Мерзлая земля

      Март сорок четвёртого в Павлодаре не пришёл — он обрушился. Злым был тот месяц, лютым, до скрежета зубного холодным. Весна на эту землю всегда приходила с опозданием, словно боялась заглянуть в лица людские, но в том году она и вовсе отступила — залегла в сугробах, наслала метели одну горше другой. Степь выла, стеной вставала, прятала всё живое под снегом по самую грудь, и чудилось: само небо, глухое и белое, отвернулось от тех, кого вываливали из промёрзших товарняков, будто уголь из опрокинутой телеги.
      Привезли их ночью. Лязгнули засовы, двери распахнулись — и люди, обезумевшие от долгой дороги, голодные, синие от стужи, посыпались на перрон. Никто их тут не ждал, никто руки не подал. Расселяли как придётся: кто в чужой угол приткнулся, кто сам в мёрзлой земле колышки забивал, пытаясь укрыться от ветра. И среди этого людского круговорота, среди отчаяния, что разлито было в воздухе плотнее дыма, семья Гапархоевых — четырнадцать душ: отец, мать, четыре сына и восемь дочерей, мал-мала меньше — осела в половинке двухквартирного дома на улице Дзержинского, у пожилой женщины, что молча смотрела на них и видела в их глазах то, что сама когда-то пережила.

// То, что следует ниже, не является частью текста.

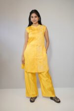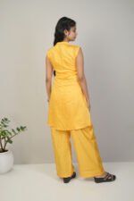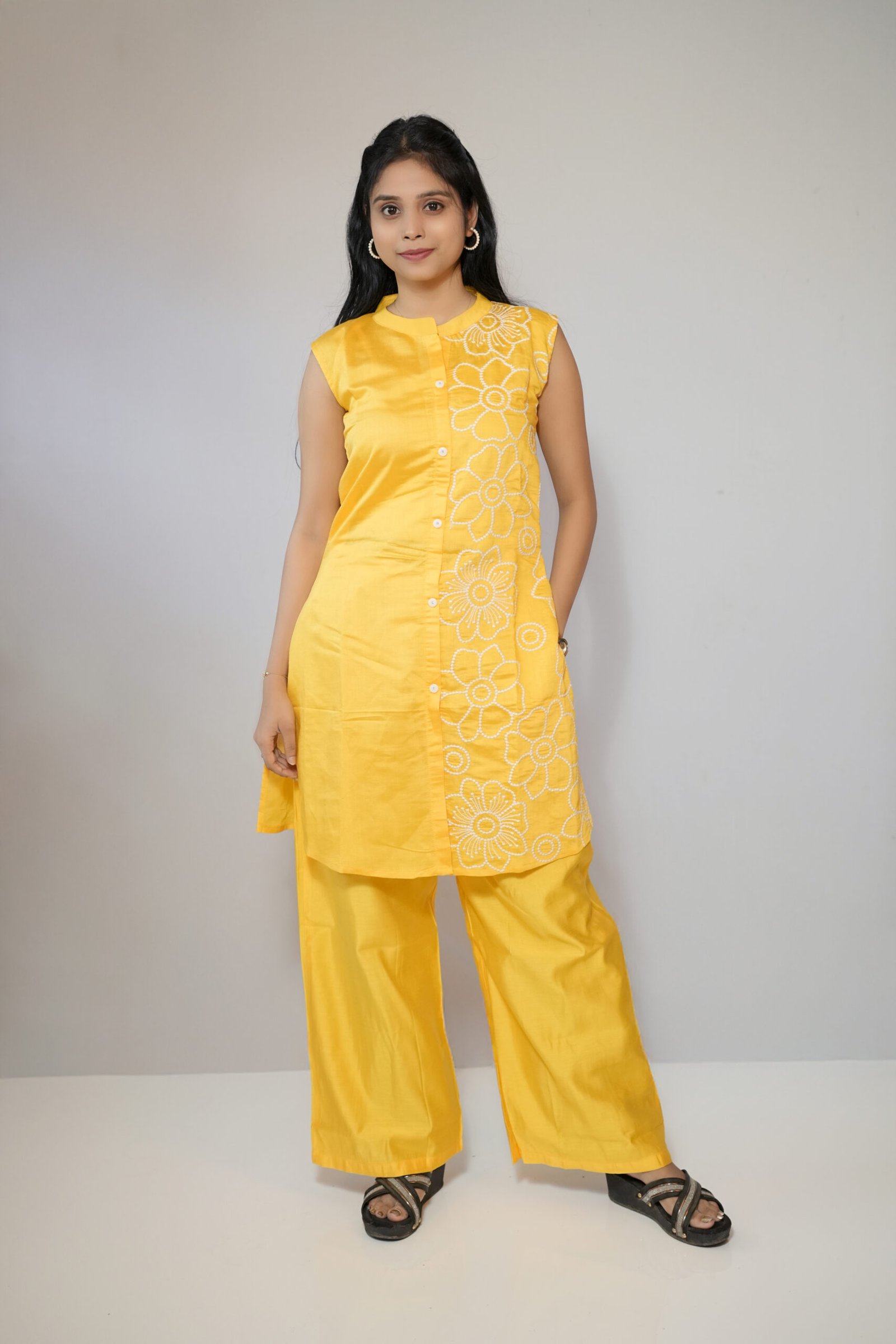 Step into elegance with this sleeveless sunshine yellow co-ord set featuring delicate floral embroidery. A perfect blend of comfort and charm.
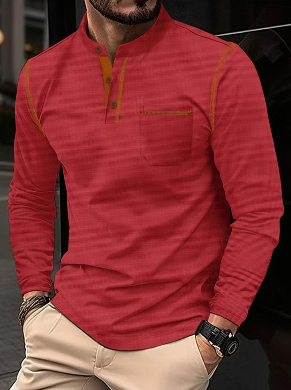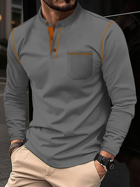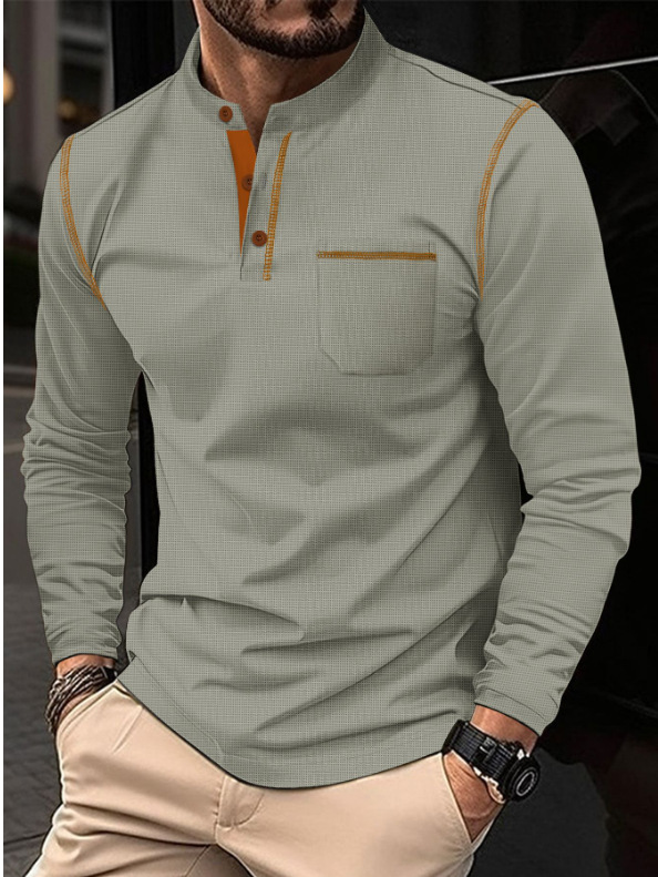 Amazon Cross-border 유럽 및 미국 2025 봄 여름 남성 긴팔 스탠드 칼라 폴로 셔츠 남성 와플 캐주얼 탑
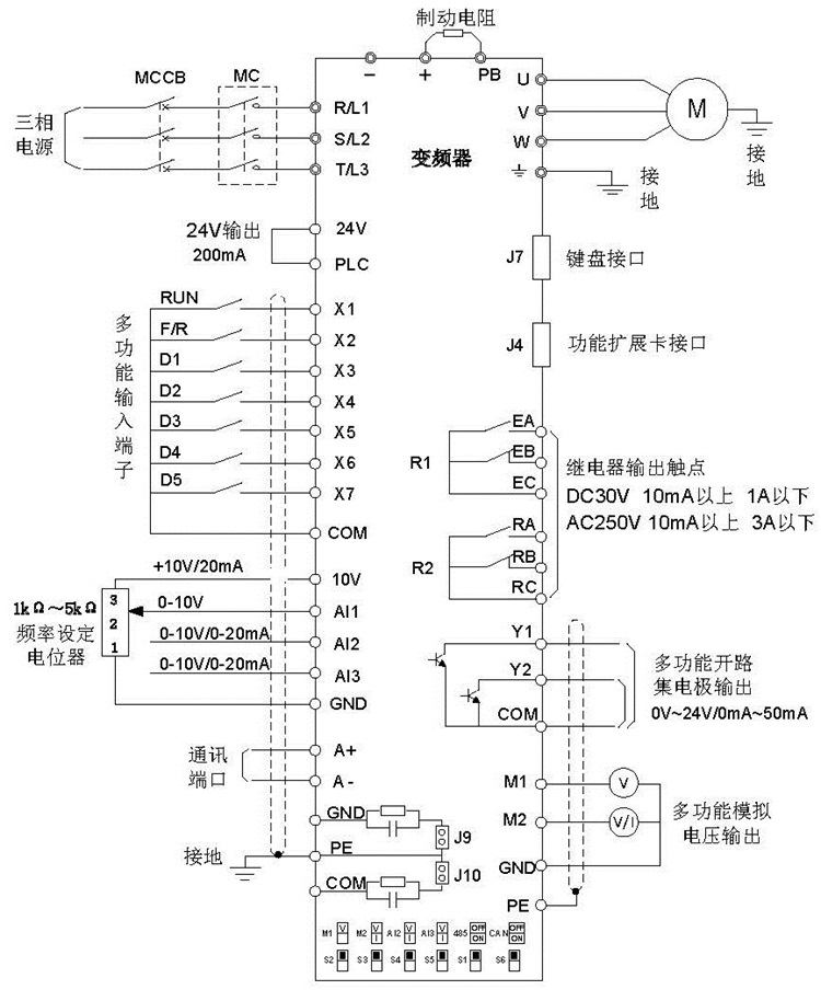 EM500系列开环矢量变频器:支持三相交流异步电机和永磁同步电机;支持多种国际领先驱动控制技术:改善的矢量VF控制技术(VVF)、无速度传感器矢量控制技术(SVC);支持速度和转矩两种输出形式;支持扩展:I/O扩展卡、通讯总线扩展卡。
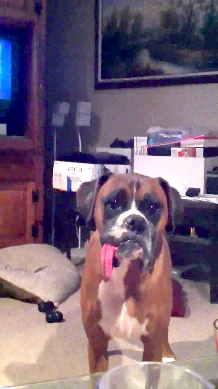 A dog with an absurdly long tongue tries to eat ice cream indoors. He has "hanging tongue syndrome".
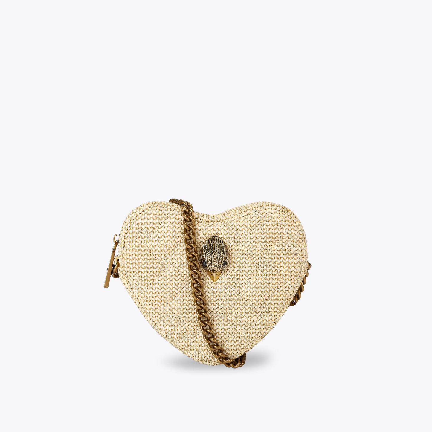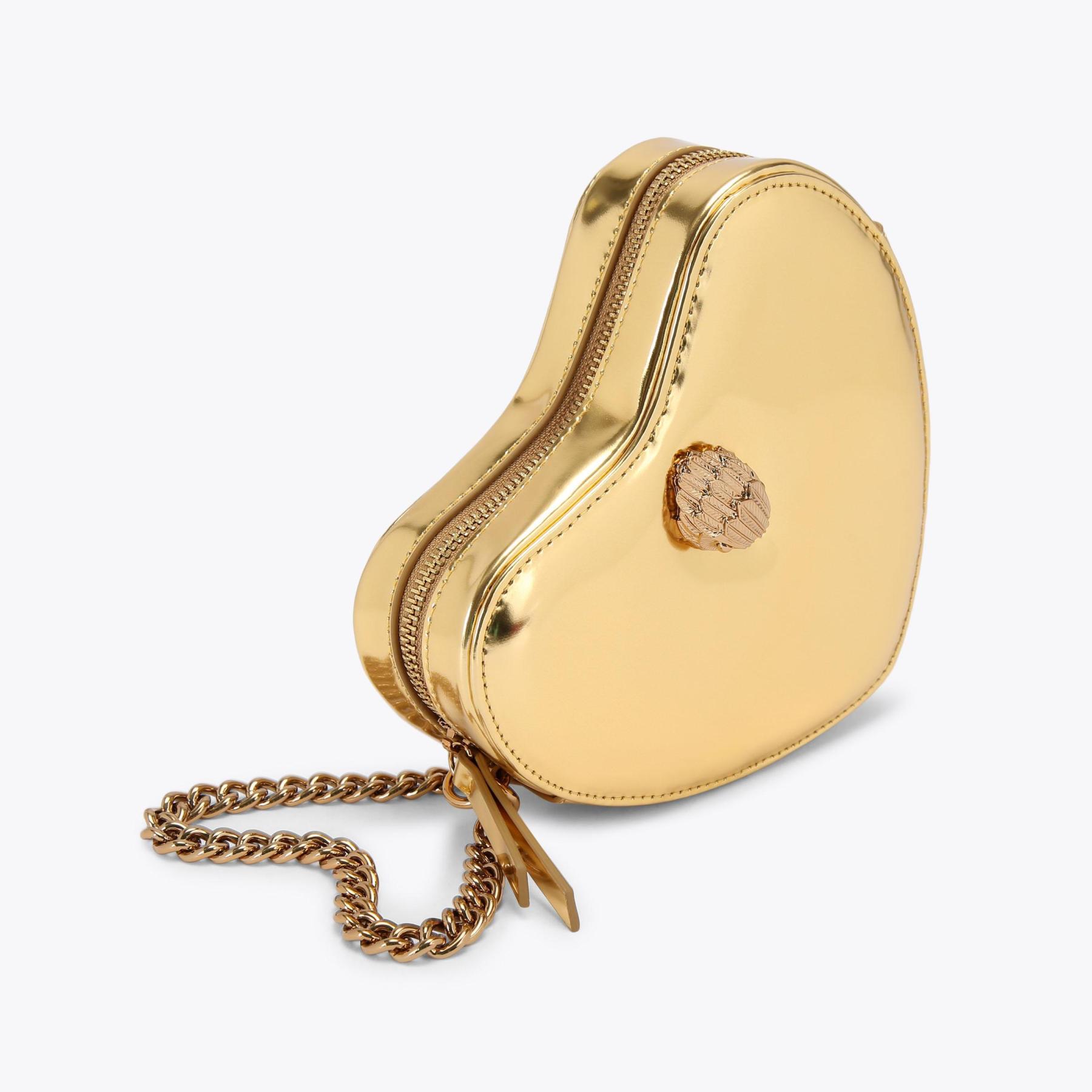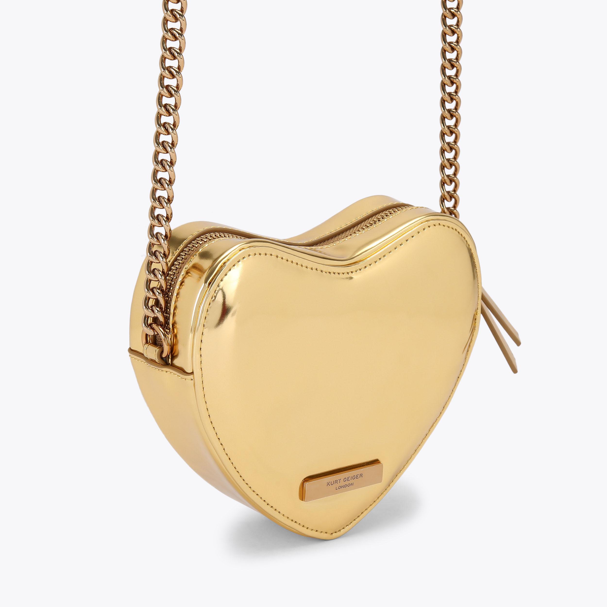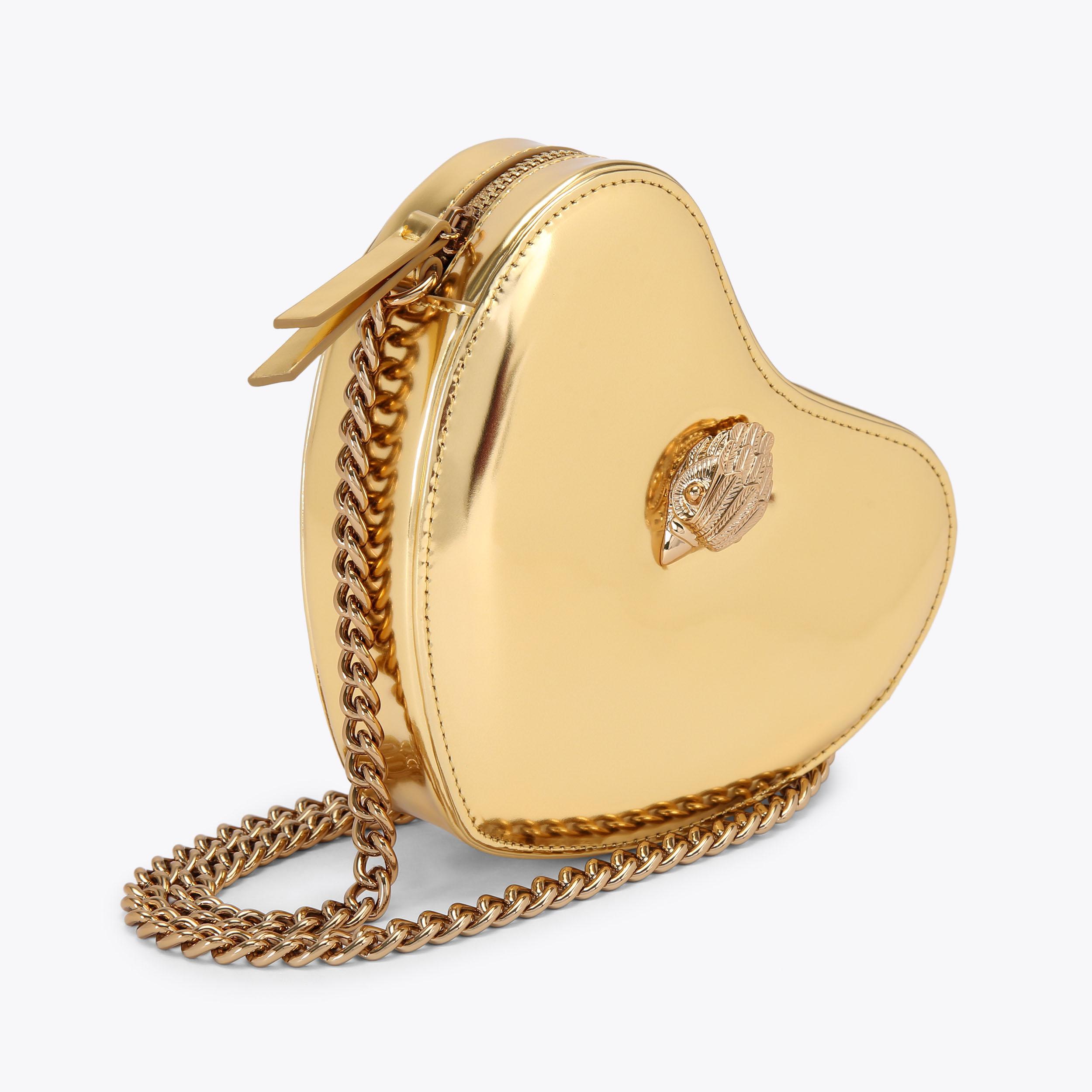 The Kensington Heart Purse is crafted from a metallic gold leather. The gold eagle head features all over feather detail on the front flap.
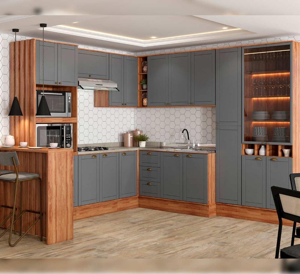 Cozinha Lançamento Mdf Estilo Americana Provençal Modulável Cor:titanio
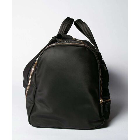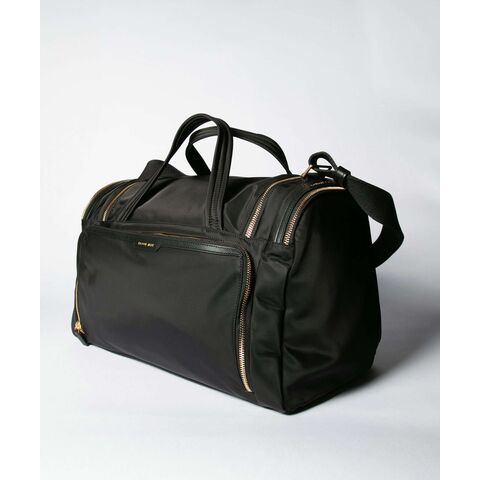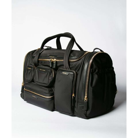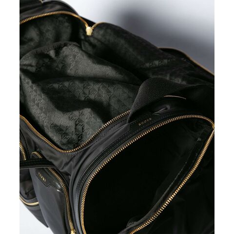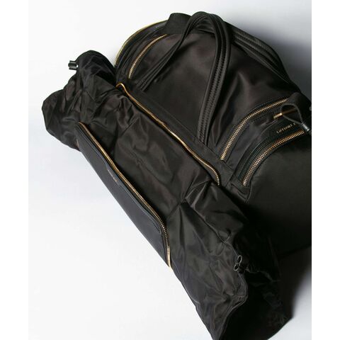 側面に「Shoes」、前面には「Phone」など、内部を含め収めるべきアイテムの刻印を施した多数のポケットのほか、着用後のウェアを収めるランドリー・バッグ、化粧水などを収める透明なポーチが付属します。素材には、再生ナイロンであるECONYLを用いています。
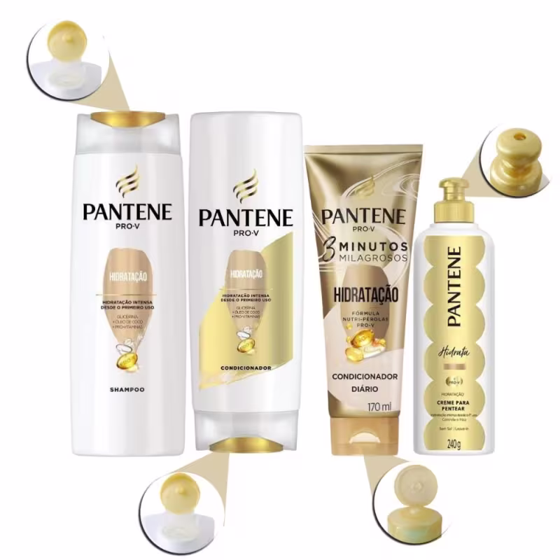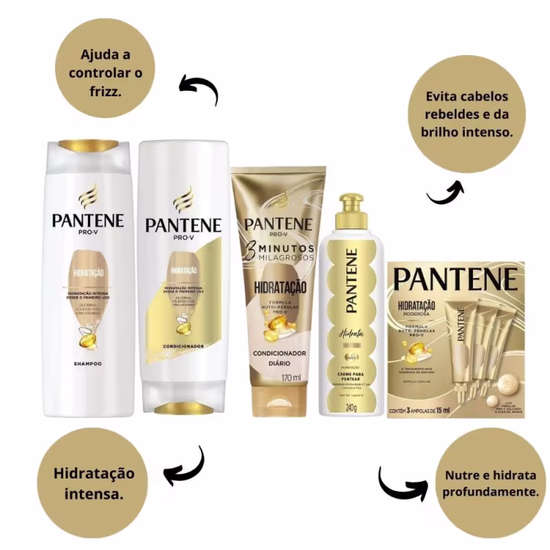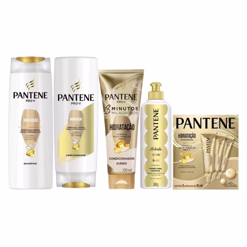 O Kit Pantene Hidratação é ideal para o tratamento de cabelos secos. São produtos formulados com ingredientes como pró-vitaminas, óleo de coco e glicerina, que nutrem e hidratam profundamente os fios, deixando os cabelos mais macios, brilhantes e revitalizados.
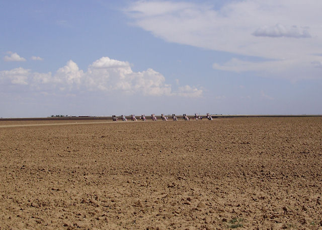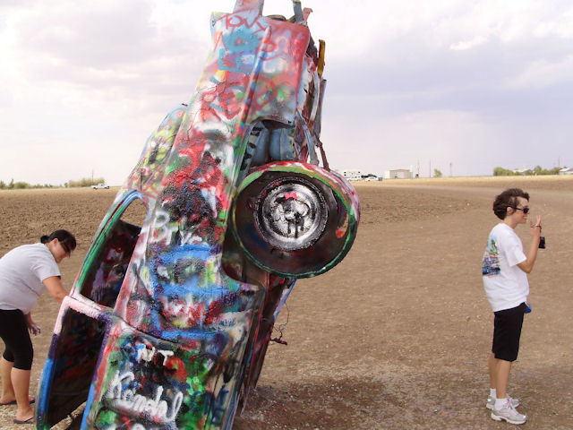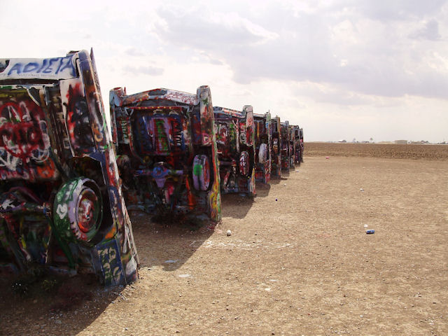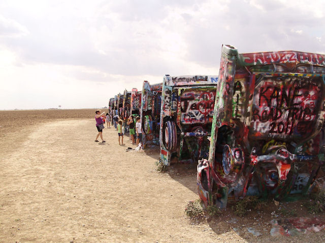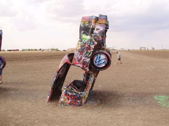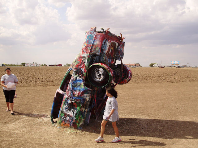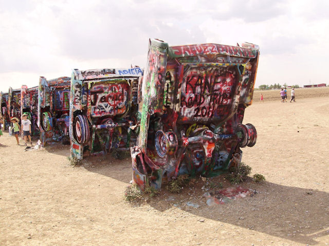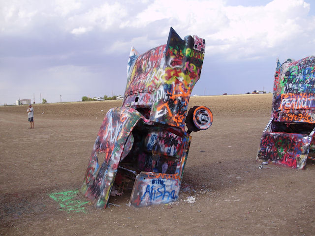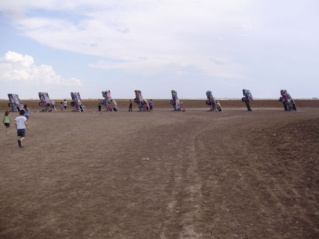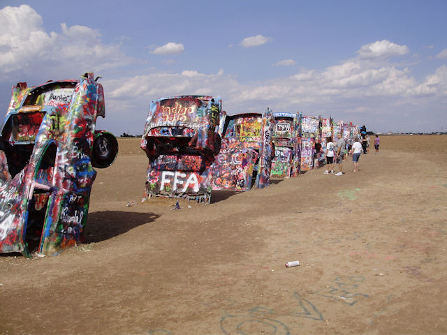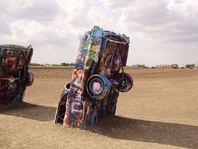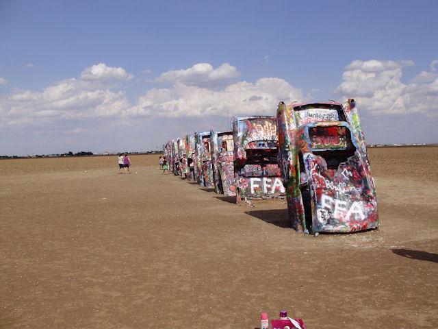 Cadillac Ranch (Near Amarillo, TX)The Cadillac Ranch is 10 Cadillac's made between 1949 and 1963 have buried in the ground (nose first) and set at the same angle as the side of the Great Pyramid at Giza. You can find directions to it at RoadsideAmerica.com (BTW, if you enjoy seeing oddball stuff, this is a great site to visit). This was something I've heard about but had never seen in person. I wanted to see it the last time I was in Amarillo four years ago but the timing just didn't work out then. This year, I got a chance to go and it was pretty neat to see. One word of warning if you decide to go: Graffiti is encouraged on these cars and there were several people actively painting while we were there. If the smell of spray paint bothers you a lot, this may not be the place to go. Also, make sure you stay up wind from the people painting.

      Маленькая комнатушка приняла всех. Дети спали вповалку, прижимаясь друг к другу так, будто в этом тепле человеческом была последняя надежда выжить. А в городе, разбросанные по чужим углам, жили их земляки из того же села Даттых — через заборы перекликались, последней лепёшкой делились, знали одно: вместе мёрзнуть легче, потому что вместе — это когда плачут все сразу, и оттого легче, что не один ты со своей бедой.
       Не прошло и нескольких дней — умер первый. Пожилой переселенец не выдержал: слишком много утрат вынесло его сердце, слишком мало хлеба осталось в суме, слишком студёно было на этой равнине, где даже звёзды казались льдинками. Пятеро мужчин, державшихся ещё на ногах, решили: хоронить по обычаю гор, по закону, который не отменишь даже здесь, в чужой степи. Завернули тело в кошму старую, в тряпки рваные — в последнее, что имели. Мулла закутался в ветхий тулуп, махнул рукой на восток и сказал:
— Идём.
    И пошли. Метель била в лица, снег залеплял глаза, ноги вязли по колено, а они шли — безропотно, тяжело, неся на плечах мёртвого старика, который ещё месяц назад сидел у очага и глядел на горный закат. Теперь закат был здесь — в белой степи, глухой и ровной, где нечем было разжечь огонь. Шли, пока не выбились из сил. Остановились среди ветра, который выл так же надрывно, как их собственные сердца.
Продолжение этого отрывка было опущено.